The Sanguinarian

The Sanguinarian

Monday 12 September 2016

Society and sensational women: A Passing Glance

So last week I read about two sensational women, namely, Rekha and  the late Madhavi Kutty. Rekha is a Bollywood actress whom, despite her experience in the film industry you can't dismiss as yester-year because she's still acting or dancing to item numbers. Madhavi Kutty, also known as Kamala Das, is a poet and novelist- I say 'is' because even though her physical form has passed away, her spirit lives on through the mark she left on literature in India.
There was an article in Outlook ( Through the Author's Veil) that talks about a new book coming out on her personal life, which was rife with controversies. I read some of Kutty's poetry while in school, but came to know of her life only now.
Rekha is a Bollywood celebrity, and that sort of predisposes her to a colorful life ( although there are people who keep a low profile and don't court controversies). Whether it's her doomed love life, the bordering-on-sexual-harassment incident with actor Biswajeet when she was barely fifteen on a movie set, her origins as the love child of famous South Indian artistes, her makeover, the sexist comments made on her looks by actors and directors, her rumored affair with Big B, the suicide of her husband Mukesh Agarwal for which she was demonized...Rekha has lived a life filled with ups and downs. All this is chronicled in a book on her recently released by Juggernaut (Rekha- The Untold Story).
What is similar about the two women mentioned above? They are, by profession, as disparate as possible. And yet I perceive similarities in their personalities and lives. Namely:
1. Both are successful women in their fields
2. Both, whether willingly or not, courted controversies throughout their lives.
3. Both lived life on their own terms
4. Both never needed or used men to validate their existence. Their identities and reputations are based on their own individuality.
5. Both were reviled and criticized and demonized by a society still deeply entrenched in patriarchy because they refused to adhere to archaic diktats that control and oppress women.
6. Both used the public's sexist mentality and perverse hunger for sensationalism to their advantage. Both deliberately fanned rumors about their personal lives, especially love affairs, that created controversies and put them in the limelight. And both benefited from it as well!

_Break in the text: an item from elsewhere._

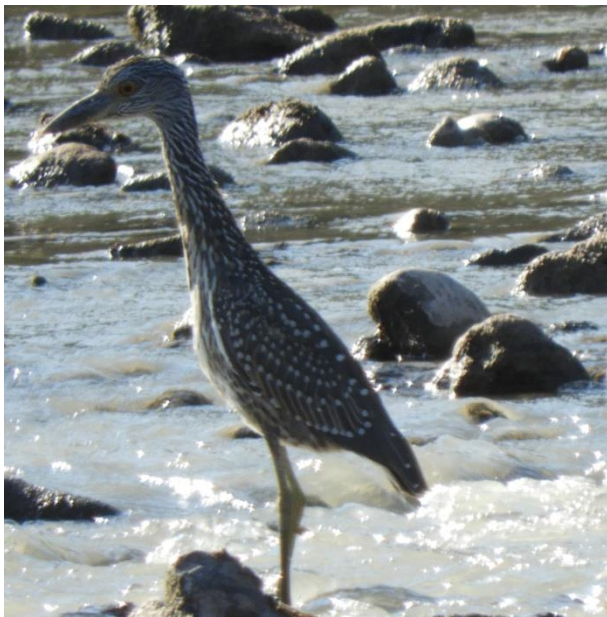
juvenile yellow-crown night-heron, 8/4/2018. CJ Goin

The list below includes our currently scheduled locations, with the dates for the upcoming three months. You can “ control click ” or “ tap ” on the included web reference and be directed to the eBird.org web page that will have a list and pictures of the most recent birds seen as well as a Google map to help you find its location. It allows you to come prepared!

It's the last point that makes these two most remarkable. It's an ugly truth that a patriarchal society like India will never let maverick women like Madhavi and Rekha just be. They will vilify, adore and probe and intrude and generalize as it suits their regressive, hypocritical mentality. An extension of this mentality is exhibited by a sleazy, unethical media which will go to any lengths to pull famous people, when they can, to sell copies to a perverse reader base that craves controversy and titillation. Famous women especially are soft targets- because they're women and the media is no less sexist than the general public.